The rule for the proper acceleration reading is that the product of the distance from the so-called "Rindler horizon" and the proper acceleration is constant. So the acceleration vs distance is not a linear curve, it's a hyperbola.

So, if we have a point accelerating at 1 light year/ year^2, which is approximately 1 Earth gravity, (whcih I'll henceforth cal 1G), the Rindler horizon is 1 light year behind the object.

The acceleration needed for an object to keep up in rigid motion approaches infinity at this Rindler horizon, 1 light year behind the point that is accelerating at (roughly) 1G. And it drops to half a G 2 light years away from the horizon, which puts it 1 light year ahead of the part that's accelerating at 1G.

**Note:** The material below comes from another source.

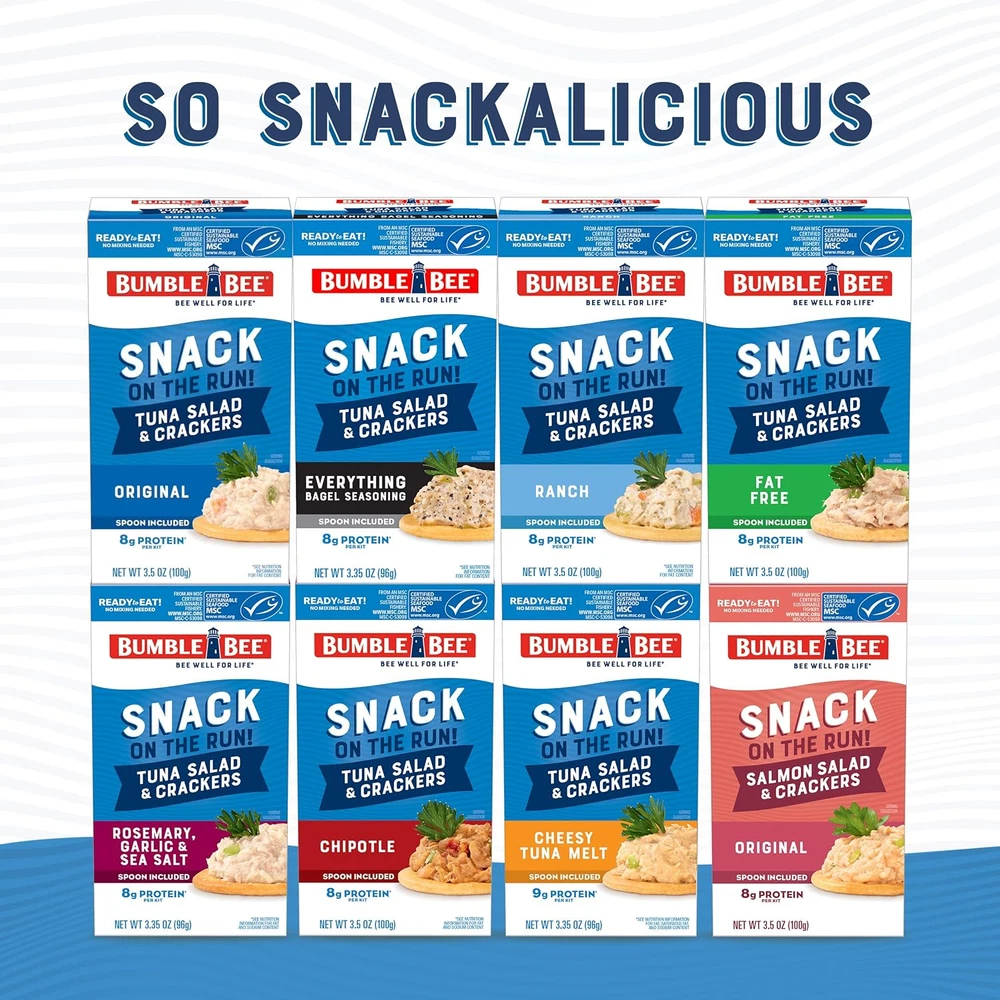 ORIGINAL TUNA SALAD KIT: Each box includes one can of classic premium tuna salad made with wild caught light tuna fish (already mixed and ready to eat), six crackers, and a spoon. PROTEIN IN A HURRY: Tasty flavor-packed tuna salad with buttery crackers is the perfect snack to help you stay satisfied on the run. Contains 8g of protein per kit (1 serving). Bulk case contains twelve kits. SHELF STABLE PANTRY STAPLE: Requires no refrigeration for easy storage at home, and is a quick grab-and-go option for office or school lunch, while traveling, or as a post-workout pick-me-up. Even faster than fast food! ON THE GO: Perfectly sized for your lunchbox or backpack and ready to go wherever life takes you! Great for outdoor activities like picnics, hiking, biking, camping, and sports. SUSTAINABLE TUNA: MSC Certified Sustainable Seafood, Wild Caught, and Dolphin Safe. We get it, you’re really busy. No, like we actually get it. That’s why we made our Bumble Bee Snack on the Run! kits. Because being on the go shouldn’t mean foregoing the finer things in life, like our beautifully filling tuna salad on crackers you can eat straight from the box. The iconic, the classic, the ever-comforting tuna salad, premixed and ready to eat anywhere you want. All you have to do is open the box and dig in.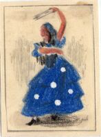Una sevillana Una sevillana con el traje azul de bolas blancas baila levantando el brazo izquierdo, cuyo extremo se halla cogiendo un abanico blanco, mientras que su brazo derecho, en una posición más baja, coge graciosamente el vestido. En este dibujo se puede apreciar sutilmente el boceto de la firma del pintor situado en el lado izquierdo inferior.Boceto Realizado para la ilustración de la revista Novelas y Cuentos. Titulo: Autor: Nº publicado: Fecha: Tomo NC. No. PI/. No

Again, this is fairly advanced stuff, not really a good idea for an intorduction to SR, but the wiki entry on the Rindler coordinates and rindler horizon is at <wiki link>.

I would suggest a different approach than the whole "shrinking rulers" idea to learn special relativity. My general advice is to focus on things that remain the same (this includes proper time, proper distance, and proper acceleration) rather than things that vary with different observers. Probably the place to start is to learn about the difference between proper time and coordinate time, and go on from there. Exactly where to learn about prop;er time is a good question, though - I'm not sure of the best resource here.